Given a hard disk with an encrypted Core Storage volume (but not the decryption password, because the backup service should not have access to that), how would one go about backing it up in a way that allows for pushing it to a cloud storage provider (like Amazon S3) and for incremental backups in the future (because you don't want to to push a full 1TB every day when only a couple of blocks have changed)?

Best Answer

Proposed solution:

You have an Amazon EC2 instance, with elastic block store large enough to hold the whole of the image you intend to backup:

backup-host.yourdomain.com:
/mnt/EBS/my-desktop-backup/coreimage.dmg
/mnt/EBS/my-laptop-backup/coreimage.dmg

Where:

/dev/ebs-disk-001 -> /mnt/EBS/my-desktop-backup
/dev/ebs-disk-002 -> /mnt/EBS/my-laptop-backup
etc.
etc.

or

backup-host.yourdomain.com:
/mnt/EBS/my-desktop-backup_coreimage.dmg
/mnt/EBS/my-laptop-backup_coreimage.dmg

Where:

/dev/ebs-disk-001 -> /mnt/EBS

Your initial backup would take a long while to sync, but if you employ rsync to sync, then you can eventually have the remote image catch up to your local image's changes.

Once it is caught up, you can then initiate an EBS snapshot on Amazon's side for the EBS volume containing your encrypted image.

Rinse and repeat for each backup period + snapshot you want to have backed up to the remote server, taking the following items/requirements into account:

  • The Encrypted Image needs to be unmounted.
  • The remote image copy needs to be 100% synced with the unmounted local image.
  • The snapshot needs to be done with the remote EBS volume sync'd, filesystem buffers flushed, and with no changes pending.

With this, you will be able to do the incremental backups using Amazon's cloud technology.

S3 has some serious limitations, which would not suit your needs, for this particular purpose.

The EC2 instance, if fully backed by EBS, can be shut down when you are not doing a remote sync. Ie, when your backup kicks off, you can have it fire up the instance via Amazon's EC2 API, and get the dynamic name or IP address. Once it confirms it is up, it can kick off the rsync backup. When done, it can shutdown the remote image and initiate an Amazon EBS volume snapshot action.

Edit:

rsync does chunk/block level diffs for larger files. You can specify the size of the block diff:

--block-size=SIZE

You can also specify the data stream being sent to the remote server to be compressed, saving you on traffic.

Caveats about S3 vs EBS:

Unless the solution you employ supports splitting the single large file into segments and sending them in parallel, Amazon S3 throttles the data being sent down to under 400KB/sec after a certain size.

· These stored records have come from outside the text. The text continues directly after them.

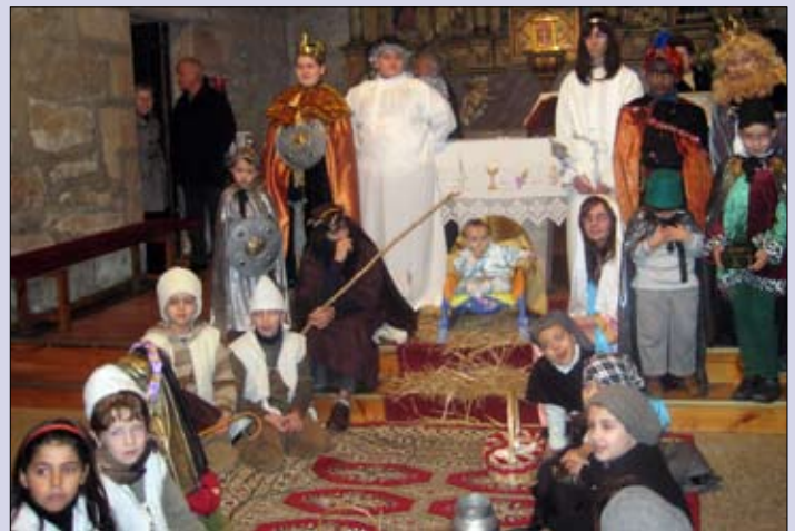
Belén viviente de la parroquia de Canedo
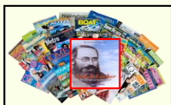
Riviste e Giornali
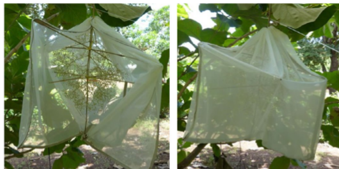
Figura 2. Diseño de embolsado de la panícula de teca para su aislamiento de polinizadores.

Para realizar el ensayo, se procedió de la misma
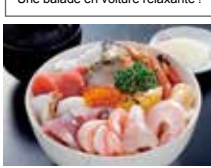
Noto-don : un bol de riz garni de fruits de mer locaux de première fraîcheur
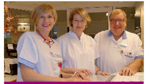
Als Praktikantin im Vincentinum
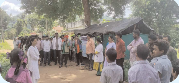
కొయ్యూరు పెన్ పవర్ ఆగస్టు 5

ఐటీడీవీ ఆధ్వర్యంలో సీజనల్ వ్యాధులపై కళాజాతర
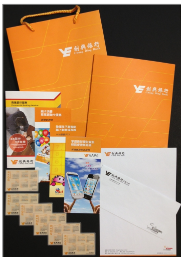
創興銀行各式宣傳物品及企業用品已換上新標誌。

創興銀行由即日起全面使用新標誌，該行分行網點、網站、網上銀行、流動理財服務、各式宣傳物品及所有企業用品等已換上新標誌；該行更推出以「新標誌・新力量」的企業形象廣告：以越秀集團廣州國際金融中心及香港創興銀行中心作為背景，加上閃爍的越秀集團品牌印記在星空中照耀，寓意創興銀行在實力雄厚的越秀集團全面支持下，將繼續傳承悠久的優質品牌，並通過充分發揮地理優勢、股東優勢及專業服務優勢，全面提升跨境綜合金融服務能力，銳意成為一個建基香港、覆蓋廣州及國內其他地區、輻射亞太區、具競爭力的金融機構。
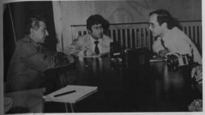
صدر بہرک کارمل کے ساتھ امریکی جریدے 'ٹائمز' کے سفارتی نامہ نگار مشروب ٹالیوٹ کے انٹرویو کی ترجمانی کرتے ہوئے۔ یہ بعد میں صدر کلنٹن کی انتظامیہ میں خارجہ امور کے اسسٹنٹ سیکرٹری اور اب 'بروکننگز انسٹی ٹیوٹ' کے سربراہ ہیں۔ اکتوبر 1981ء
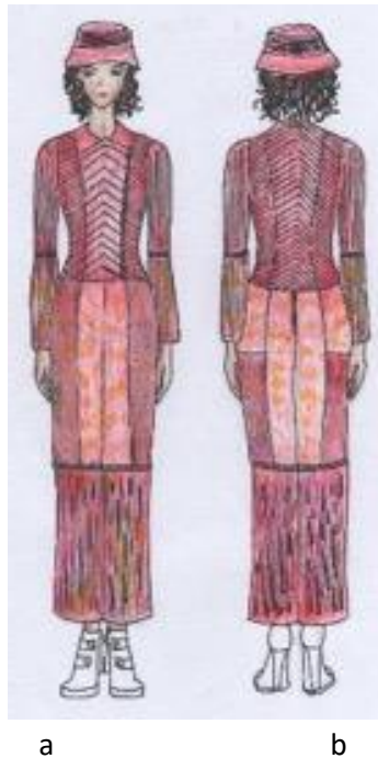
Gambar 1. Ilustrasi desain , a. tampak depan, b. tampak belakang)
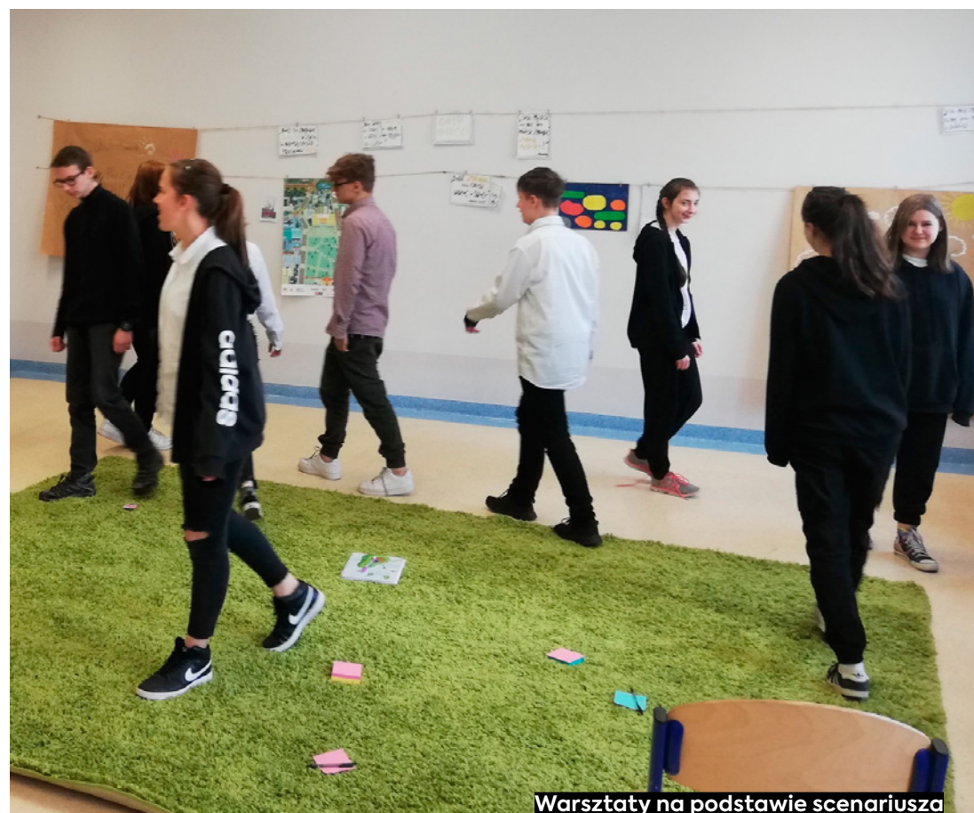
Warsztaty na podstawie scenariusza o tańcu w SP 49 w Gdańsku
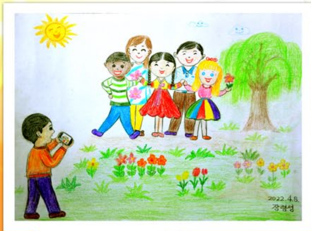
«Вместе фотографируемся» (Чан Рён Сон), третье место.
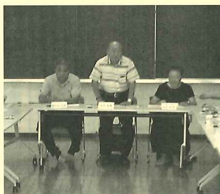
挨拶する地区社協会長

な高齢者の方の変わりがないかの確認をし、次に日立市の「成年後見サポートセンター」と「自立相談サポートセンター」の開設についての説明がありました。その後「あんしん・安全ネットワーク強化モデル事業」と「軽度作業支援事
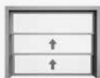
Avec deux sections coulissantes
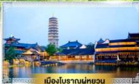
เมืองโบราณฝูหยวน
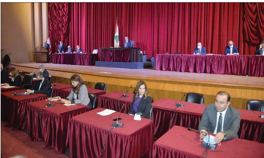
جلسة البرلمان اللبناني أمس
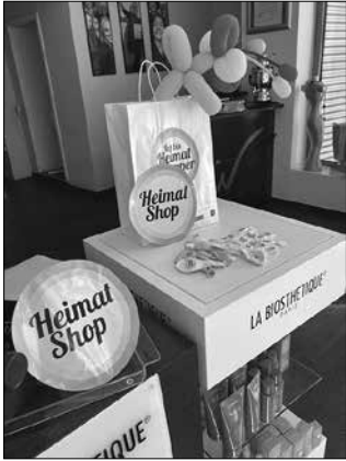
Ob Handel, Gastronomie oder Dienstleister: Das „Heimat shoppen“ in Völklingen fand großen Anklang.

Es waren zwei Tage, die Völklingen belebten und zusammenbrachten. Am 8. und 9. September 2023 setzte die Aktion „Heimat shoppen“ ein Zeichen für den lokalen Handel. Die Resonanz fiel durchweg positiv aus.
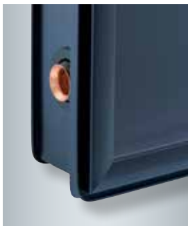
Collectorframe met speciaal inbouwprofiel voor integratie in het dakbedekkingsframe
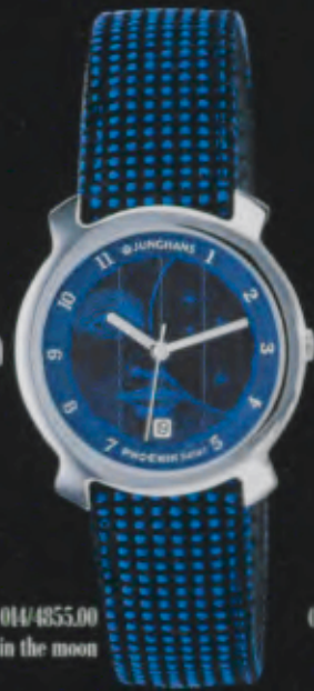
014/4855.00 man in the moon
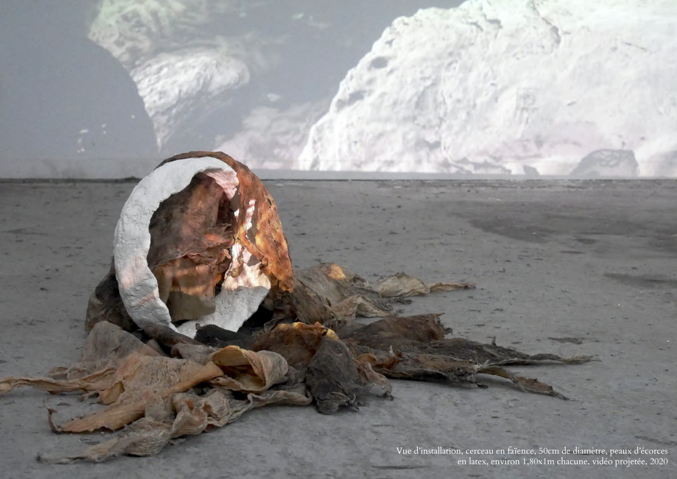
Vue d'installation, cerceau en faïence, 50cm de diamètre, peaux d'écorces en latex, environ 1,80x1m chacune, vidéo projetée, 2020
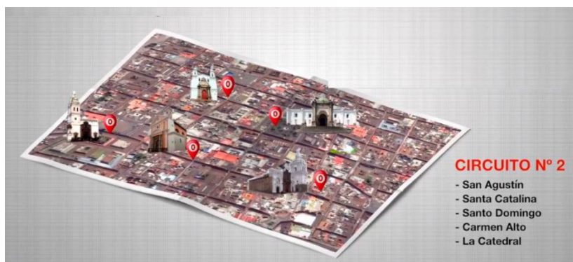
Figura 2 - Puntos de visita – Circuito 2 Fuente - (Ministerio de Turismo del Ecuador, 2015).

Agustín, Santa Catalina, Santo Domingo, Carmen Alto y La Catedral (Figura 2).
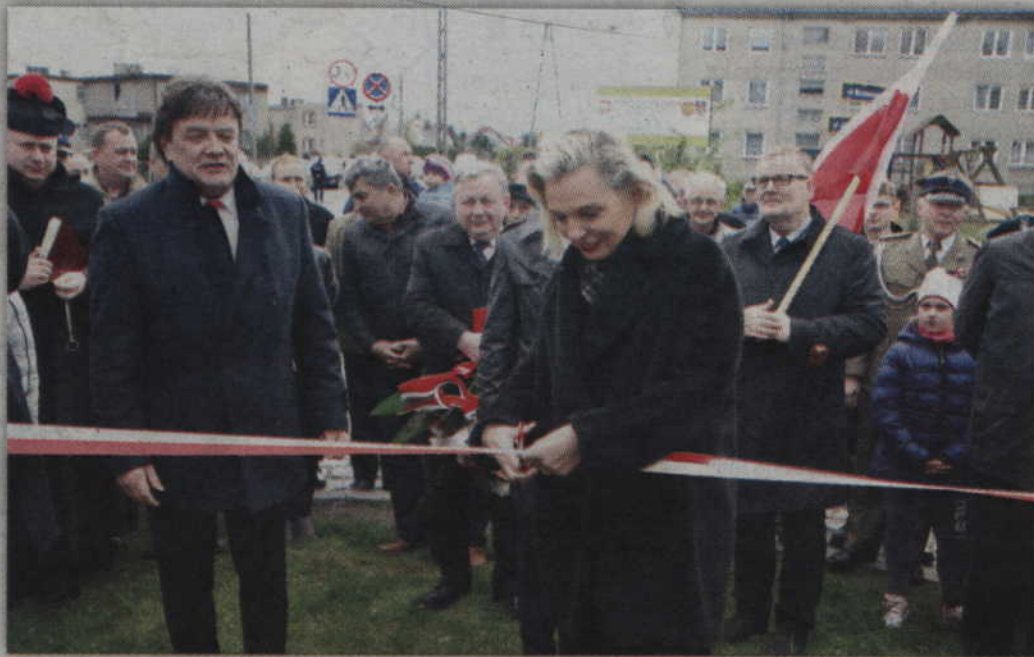
To była historyczna chwila, biało-czerwoną wstęgę przecięła córka generała Andersa.
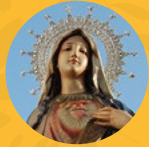
Nuestra Señora del Inmaculado Corazón de María
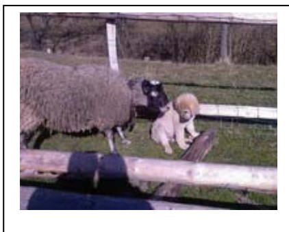
Coban, 3 měsíce

Anatolci jsou obecně nejvhodnější do rodin, ve kterých se psům nikdy nepodařilo převzít velení. Rozhodneme-li se pro ně, musíme být ochotni věnovat dostatek času jejich dokonalé socializaci a výchově.

I employ rsync differential backups on my servers to S3 as compressed tarballs. Even at tarball sizes of about 500MB, S3 will throttle. In order to work around this, you need to split the file you are sending up into parts, otherwise, the backup to S3 will take forever.

Whereas an EC2 instance with EBS volumes will be faster and not require the need to split files, simplifying backup and restoration.